Seafood Pot Pie

AmericanSeafoodAdvanced100 minBy Northstar

Ingredients

Servings
4
  • 0.5 cup dry white wine
  • 1 lb sea scallops, halved if large
  • 1 large baking potato, peeled and diced 1/2 inch
  • 3 tbsp butter, softened
  • 0.5 cup tart apple, peeled and minced
  • 1 large carrot, minced
  • 1 rib celery rib, minced
  • 1 large onion, minced
  • 1 clove garlic, minced
  • 1 0.5 cup chicken broth
  • 0.3 cup heavy cream
  • 2 tbsp all-purpose flour
  • 1 lb medium shrimp, shelled and deveined
  • 1 cup corn kernels
  • 1 jar pimiento strips (3.5 oz), drained
  • 2 tbsp fresh parsley, minced
  • 2 0.5 cup all-purpose flour, for pastry
  • 0.5 cup vegetable shortening
  • 4 tbsp cold butter, cut in pieces
  • 1 large egg (for pastry)

Instructions

  1. 1

    Make flaky pastry: In a food processor, combine 2 1/2 cups flour, 1/2 teaspoon salt, shortening, and cold butter pieces. Pulse about 10 times until mixture resembles coarse meal. With machine on, pour in lightly beaten egg mixed with enough ice water to equal 1/2 cup. Process just until dough masses together. Divide in half, pat into disks, wrap and refrigerate at least 1 hour.

  2. 2

    Bring wine to a boil in a saucepan over high heat. Add scallops and cook until just opaque, about 1 minute. Drain, reserving liquid. Cook diced potato in boiling salted water until just tender, 6 to 8 minutes. Drain.

  3. 3

    Preheat oven to 425°F (220°C). Melt 2 tablespoons butter in a large saucepan over medium-high heat. Add apple, carrot, celery, and onion. Cook until softened and starting to brown, about 6 minutes. Add garlic and cook 1 minute more.

  4. 4

    Pour in chicken stock and boil over high heat until most of the liquid evaporates, about 5 minutes. Transfer to food processor and purée until smooth. Return to saucepan.

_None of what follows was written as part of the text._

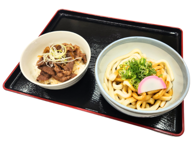 伊勢うどんとミニ松阪肉の牛丼とのセット。
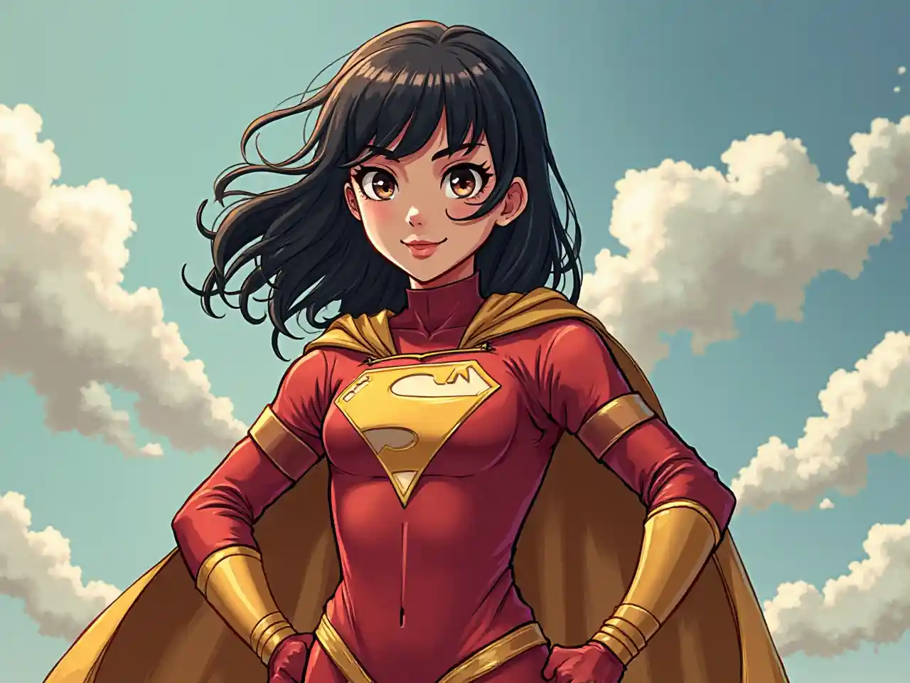 Brooklynteenage msichana superhero na pose nguvu na cute uso, Kichina macho, haja ya mbele nywele bang katika suti yake super msichana

Stir in reserved scallop liquid and heavy cream.

  5. 5

    Blend remaining 1 tablespoon butter with flour to form a paste. Bring sauce to a simmer and whisk in butter-flour paste. Boil until thickened and smooth. Season with salt, white pepper, and cayenne.

  6. 6

    In a shallow 2-quart buttered baking dish, arrange scallops in a single layer. Top with shrimp, then corn, potato, and pimiento. Sprinkle parsley over top. Pour sauce over everything.

  7. 7

    Roll out one disk of pastry slightly larger than the dish. Place over the top and press edges to seal. Cut steam vents. Bake until crust is golden brown, about 40 minutes. Serve hot.